After completion of the diagnostic angiogram and positioning of the catheter in the common carotid artery, road mapping of the cervical carotid artery is performed. An exchange-length 0.035-inch wire is positioned in the external carotid artery. The diagnostic catheter is exchanged over the wire for a 90-cm, 6 to 10 French sheath, which is then advanced into the common carotid artery below the bifurcation. For patients who have undergone complete diagnostic cerebral angiography before the stenting procedure, a combination of a 6 French, 90-cm shuttle over a 6.5 French Head-Hunter 125-cm slip catheter (Cook, Bloomington, IN) or a 5 French 125-cm Vitek catheter (Cook) can be used. In these cases, the shuttle is introduced primarily into the femoral artery over a 0.35-inch wire and parked in the descending aorta. The inner obturator and wire are removed. The 125-cm catheter is then advanced into the shuttle, and the target vessel is catheterized. The shuttle is brought over the wire and the catheter in the common carotid artery. The size of the shuttle is usually dictated by the profile of the embolic protection device and compatibility with the stent system. An optimal angiographic view that maximizes the opening of the bifurcation and facilitates crossing the stenosis should be sought. The lesion is crossed with the protection device. Predilation of the stenotic vessel segment is performed at the operator’s discretion. We avoid predilation whenever possible. If the lesion does require predilation, we prefer to undersize the balloon to simply facilitate crossing of the stent, usually with a 2- to 3-mm-diameter balloon. A 3- to 4-mm coaxial angioplasty balloon is advanced to the lesion over the 0.014-inch wire holding the protection device. On rare occasion, predilation needs to be performed before the introduction of an embolic protection device.
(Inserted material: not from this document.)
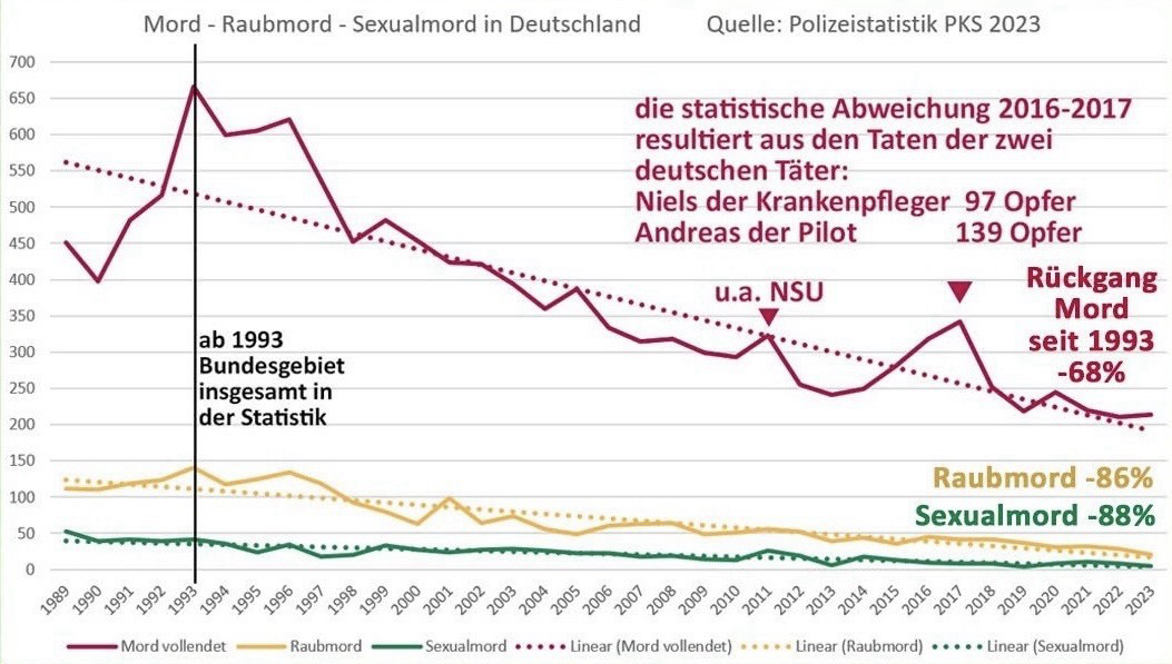 Grafik zeigt, wie stark seit 1990 die Zahl der Straftaten in Deutschland zurΓΌckgegangen ist. Bei Mord um 68 %, bei Raubmord und Sexualmord um mehr als 80 %

The diameter of the stent should be sized to the caliber of the largest segment of the carotid artery to be covered (generally 1 to 2 mm greater than the normal caliber of the common carotid artery). Oversizing of the stent in the internal carotid artery does not usually result in adverse events, but a tapered stent can better conform to the vessel wall. Particular attention should be paid to selection of a stent that is long enough to cover the entire lesion.